第3話:自らの意思でクルスドライブを辞める事に

「いや、だから俺は今までもちゃんとクルスドライブのために一生懸命に働いてたさ。でもクルスドライブが有名になってきたから裏方作業も相当に増えてきてるんだよ。だからもう俺一人で編集作業と裏方作業を全部やるのは厳しいんだって」

「……はぁ。何かお前さ……もしかして自分が担当してる仕事をすっごく大変な仕事だって勘違いしてないか?」

「は……はぁ? いや何言ってんだよ、秀?」


 俺は何とかして秀達の説得を試みようとしたんだけど……でも俺の話を聞いた秀はため息をつきながら俺の事を侮蔑した表情で見てきた。


「えけっと……お前の言う裏方作業だっけか? いやそんなの超楽な作業しかねぇだろ?? それなのに何でお前はそんな嘘をついてまでスタッフを増やそうとしてんだ? いや誰がどう見ても自分の給料を横領するためにしか見えねぇよ。はぁ、お前マジで終わってんな……」

「は、はぁっ!? い、いやいや! 俺の仕事だって相当大変だからな!」


 流石にここまで俺の仕事を下に見られるのは納得出来ないので、俺は秀の言葉にすぐさま反論した。

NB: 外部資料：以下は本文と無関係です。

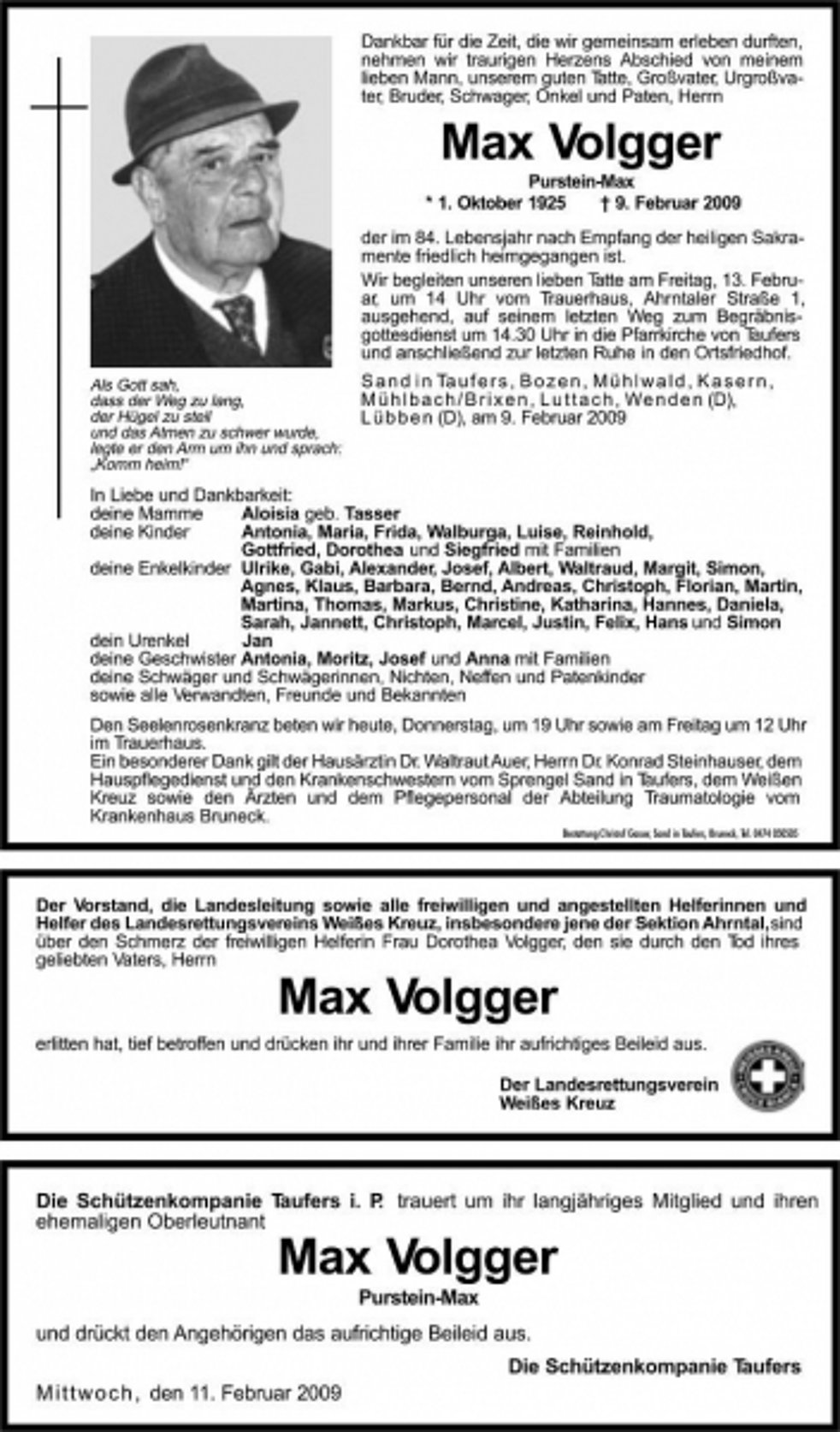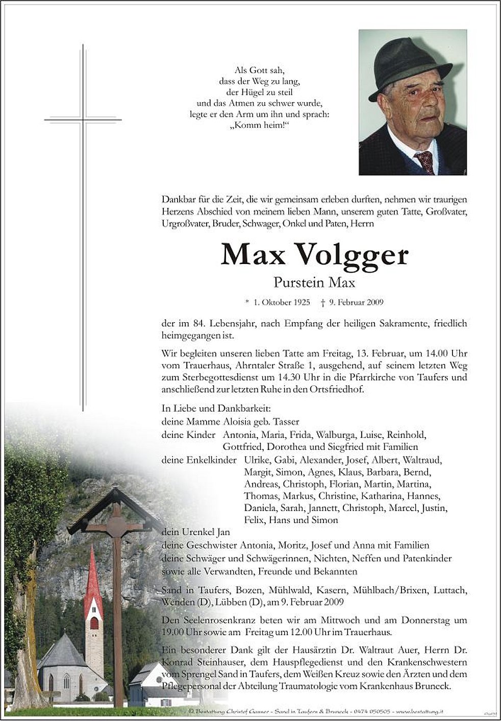 Wir begleiten unseren lieben Tatte am Freitag, 13. Februar, um 14.00 Uhr vom Trauerhaus, Ahrntaler Straße 1, ausgehend, auf seinem letzten Weg zum Sterbegottesdienst um 14.30 Uhr in die Pfarrkirche von Taufers und anschließend zur letzten Ruhe in den Ortsfriedhof.

「はぁ? お前の仕事のどこが大変なんだよ?? 撮影とか編集なんて誰でも出来る簡単な作業だし、コラボやら案件を取って来るのだって俺らの知名度からしたらそんなの向こうから勝手にお願いをしに来るわけだろ? お前の頑張りって何だよ? 結局お前は大変だって口にしてるだけで、結局は何も頑張ってねぇんだよ。それなのに俺はめっちゃ仕事してるぜっていう感じでドヤ顔すんなよ……バカすぎて哀れに見えるぞ?」

「あはは、それマジで言えてるわ。要はお前って楽して金稼ぎたいだけだろ? そういやずっとお前の顔に書いてあるな。こんなチョロイ仕事で毎月50万も貰えるとかコスパ良すぎだろーってさぁ? はは、図星だろ??」


 秀達そう言って俺の事を馬鹿にしながら大きな声をだして笑ってきた。どうやら俺の今までの頑張りというのは、メンバーの皆には一切伝わっていないようだった。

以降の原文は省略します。